Performance trying to do a 'best match'
DBAsupport.com Forums - Powered by vBulletin
Results 1 to 9 of 9

Thread: Performance trying to do a 'best match'

  1. #1
    Join Date
    Sep 2005
    Location
    Phoenix AZ
    Posts
    1

    Performance trying to do a 'best match'

    I have an application that routes telephone calls based on the phone number the user dials and selecting from a list of route plans the telephone company operator creates. The complexity comes in because the route selection table will give a list of partial phone number with variable granularity. For example part of the list may look like this (numbers not real)

    4 (country zone 4)
    44 (UK)
    4424 (UK London)
    442467 (UK London Mobile)

    if the user dials 442467123456789 I need the data from the last entry, if the user dials 442498123456789 then I need the data from the 4424 entry, if the user dials 443666123456789 then I need the 44 data and so on. The problem is performance, the table contains > 200,000 entries and when I use my sql statement which is:

    SELECT digits FROM routestepent WHERE 'DEFAULT' = tblnm AND 6022241234' LIKE digits||'%' ORDER BY LENGTH(digits) DESC

    digits is the column that contains the list of numbers to match to

    tblnm is a column that specifies a group of entries that make up a "route table" form the telephone company's standpoint.

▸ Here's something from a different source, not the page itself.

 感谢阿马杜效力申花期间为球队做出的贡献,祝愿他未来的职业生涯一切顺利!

    6022241234 as an example I plugged in and used for testing, in the app we use whatever the user dials

    it works but it takes close to 1/2 second to execute which in the telephony world is wholey unacceptable. It seems oracle is not using the index on the digits field because I am using the LIKE operator.

    thanks.
    Last edited by GSimpson; 09-08-2005 at 06:48 PM.

  2. #2
    Join Date
    Aug 2002
    Location
    Colorado Springs
    Posts
    5,253
    Have you confirmed that Oracle is not using an index -- I would guess that it might be performing a fast full index scan.

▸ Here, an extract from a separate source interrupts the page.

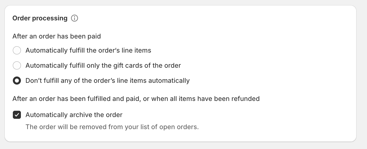 3. Asegúrate de que está seleccionada la opción No cumplimentar automáticamente ninguna de las partidas del pedido. Esto garantiza que un evento de cumplimiento no se sincronizará con Klaviyo (y potencialmente activará un correo electrónico) justo cuando se pague el pedido.

    A few things occur to me.

    Have you benchmarked something like ...
    Code:
    Select digits
    from
    (
    select digits
    from routestepent
    where digits in
       (
       substr(6022241234',1,1),
       substr(6022241234',1,2),
       substr(6022241234',1,3),
       substr(6022241234',1,4),
       ..
       etc
       )
       order by length(digits) desc
    )
    where rownum =1
    /
    You'd only need to go up to your longest digit string, of course.

    Another approach:
    • What is the distribution of lengths for the 'digits' column?
    • Is it possible to work out the probability of a match at a given length of digits?
    • Can you then use that information to say something like "30% of the dialled numbers get a match on a digit length of 6"?
    • Now if that were so can you query for a match at that length where there are no matches at a longer length?

    Code:
    select digits
    from routestepent
    WHERE 'DEFAULT' = tblnm AND
         substr(6022241234',1,6) = digits and
         not exists (select 1 from routestepent
    WHERE 'DEFAULT' = tblnm and digits like substr(6022241234',1,7)||'%'
       )
    In other words, can you leverage your own knowledge to try and get a quick hit on the most common one or two cases?

    You might be able to optimize that last example by placing a (technically redundant) code in the table to indicate whether there are longer matches available, say a "terminal_string" code ... so in the examples you give, '4', '44', '4424' would have a terminal_string of 'N' and '442467' would have a terminal_string of 'Y', hence the code would become:

    Code:
    select digits
    from routestepent
    WHERE 'DEFAULT' = tblnm AND
         substr(6022241234',1,6) = digits and
         (terminal_string = 'Y' or
         (terminal_string = 'N' and 
         not exists (select 1 from routestepent
    WHERE 'DEFAULT' = tblnm and digits like substr(6022241234',1,7)||'%'
       )))
    (I think i got the right number of parens on that)

    Lastly, would it be possible once a match has been found to log that for future use against the dialed number in an index-organized lookup table? How often does this routing table change?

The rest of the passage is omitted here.